Lisbon – Monks, Moors, & Marine Life


  1. Take a short train ride to Belem, to visit Jeronimos Monestary, the Belem Tower, and sample the famed Belem tarts.
  2. Visit a Fado show – the traditional Portuguese musical genre.
  3. Navigate the narrow and hopping streets of Bairro Alto for a late bar hop – you will be guaranteed to find some good music, strong drinks, and fun times.
  4. Check out the Oceanarium – a thoroughly impressive aquarium on the West side of Lisbon.
  5. Stroll down Placa do Comercio, a pedestrian friendly plaza in central Lisbon.


It is quite common to rent an apartment in Lisbon – they provide you with more space, the opportunity to cook (if desired), and are generally cheaper when staying for a longer period of time. We found a gem, Trevessa II, located on Rua dos Remedios, through Heart & Soul Lisbon.


Lisbon is an interesting city, populated by slightly decrepit but beautifully tiled buildings, terraces displaying overflowing amounts of cheerful flowers, white-cobbled narrow and snaking streets, red tiled roofs, and sparkling sunshine. It also has a history marked by many cultural, religious, and political changes, contributing to its delightful mix of architecture, people, museums, and cuisine. Moorish, Spanish, and modern Portuguese influences all show their face here.

My favorite part of Lisbon is, in fact, 45 minutes outside the city. Belem, a municipality of Lisbon, hosts a high concentration of historical monuments and attractions. Before embarking on your site-seeing tour, sample the famous Belem tarts at Fábrica de Pasteis de Belém. The lines are long but move quickly, and it’s worth it for the miniature egg custard tarts with a rich buttery crust and your choice of a dusting of cinnamon or powdered sugar.  Next up – the Jeronimos Monastery, which started construction in 1501 and provides an impressive, intricate, and beautiful example of Manueline (Portuguese late-Gothic) architecture. After a wander through the monastery, the accompanying museum gives one of the most interesting historical timelines I’ve ever seen. It lists the important events of the monastery throughout history, along with parallel important events from world history, such as World Wars, the discovery of penicillin, the invention of the telephone, etc. Cool to see what was happening at the same time!
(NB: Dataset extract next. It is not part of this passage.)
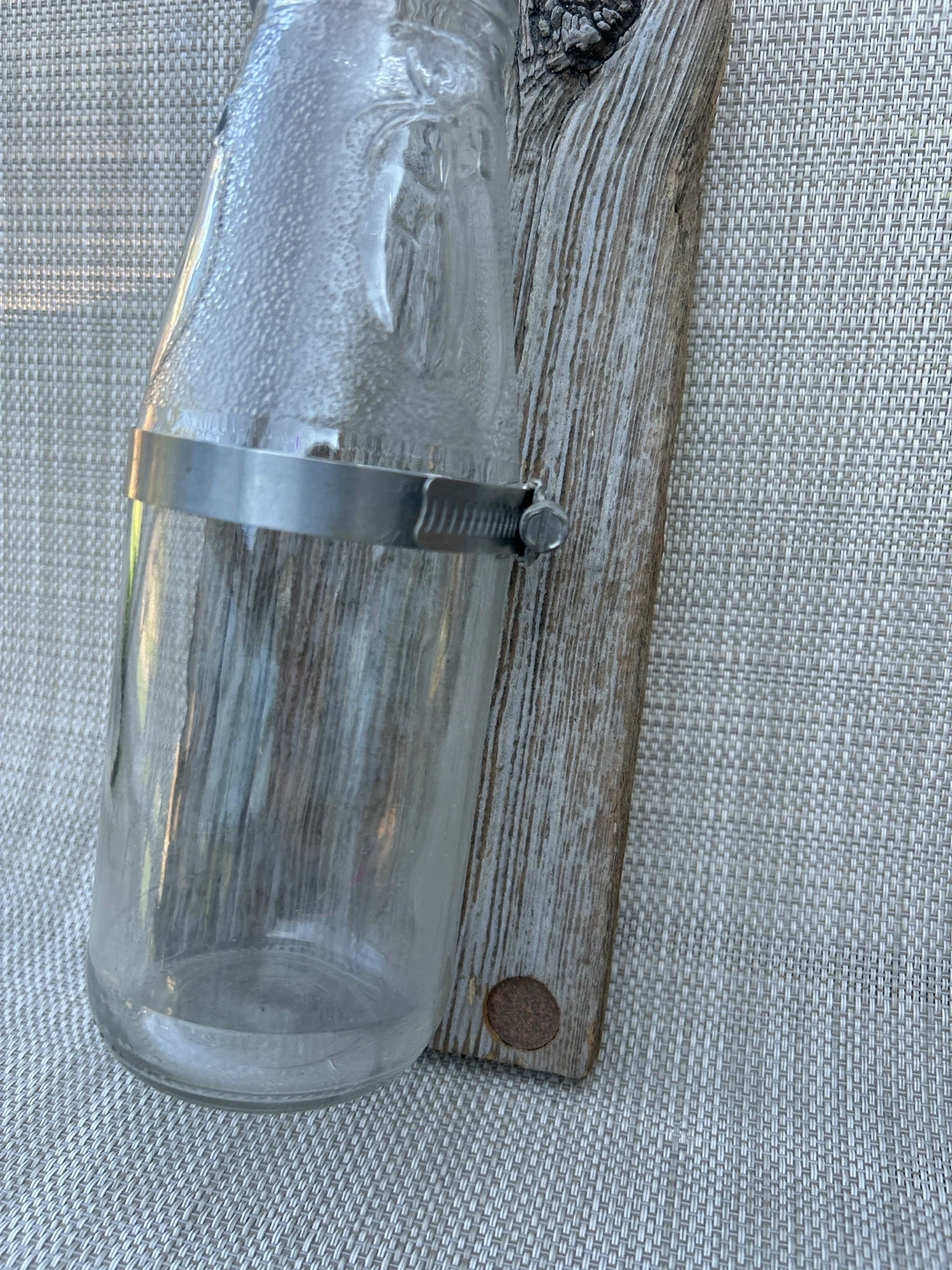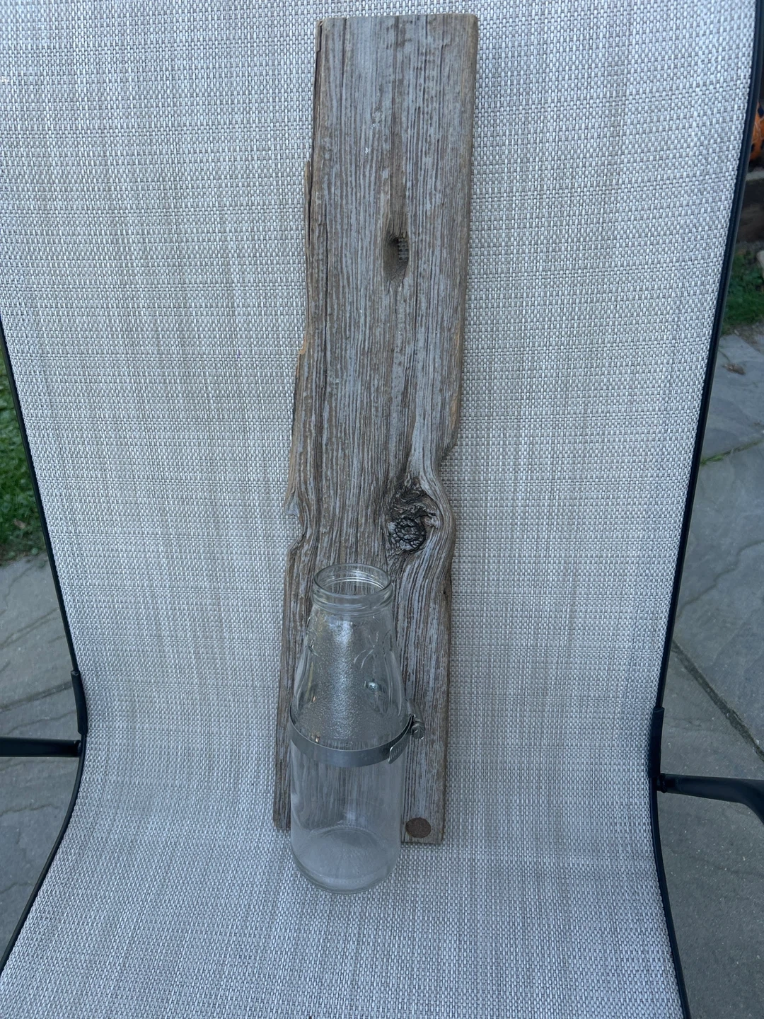 100Selling a unique rustic wood plank that comes with a glass bottle holder! The plank is approximately 22 inches long and 4 inches wide. It would make a charming addition to any home decor

The Belem tower is also worth a visit, just a short walk down the road from the Monastery, as is the Padrao dos Descobrimentos (The Discoveries Monument). Take a nap on the train ride home, as you will need your rest to visit the bar-heavy Bairro Alto district in the evening. This area, overrun with small bars on even smaller streets, Fado halls, and people, is a somewhat chaotic pleasure to be part of. You will undoubtedly be offered to join several bar crawls, advertising free drinks and free entrance, however most bars offer free entrance regardless and the “free” drinks taste suspiciously of juice. Go it on your own and you will find lots of fun with no need for assistance.

Very close to the Santa Apolonia train station, there is a small tapas bar – a literal hole in the wall, looking like nothing more than a metal door from the outside. Head up Calcada do Forte and it will be on your right, across from the first street intersecting Calcada do Forte on the left. The food here is dirt cheap and amazing. We shared multiple tapas here and agreed they were all fantastic. Another recommended restaurant is Tapas Bar & Esplanada (Rua Costa de Castelo 7). Perched on a hill offering a great view of the city, the menu has a variety of items, including salads, meat & fish dishes, and tapas. Later on, head to one of the many many bars offering Fado performances – the traditional Portuguese music genre. It is described as “Portuguese folk songs, both nostalgic and melancholy”. I can confirm that it is certainly not uplifting music – but very enjoyable and powerful, giving you a sense you are really getting to know the performer on a personal level. Generally you are required to “pay” for the performance via a drink order minimum.

Another worthwhile visit, if you enjoy sea life, is the Oceanarium. This is the largest and aquariums in Europe, housing 16 000 animals and 450 species of plants. The Global Ocean Tank (4 million liters) is also one of the world’s largest tanks. The area around the aquarium, built for the World Expo in 1998 and called the Park of the Nations, is thoroughly strange compared to the rest of Lisbon – no historical buildings, no quaint side streets, but rather HUGE open spaces, sleek modern buildings, futuristic architecture, all in all giving the impression of a moonscape as compared to the rest of the city. While aesthetically interesting it was a little creepy; very deserted, very quiet. . . like The Truman Show gone wrong.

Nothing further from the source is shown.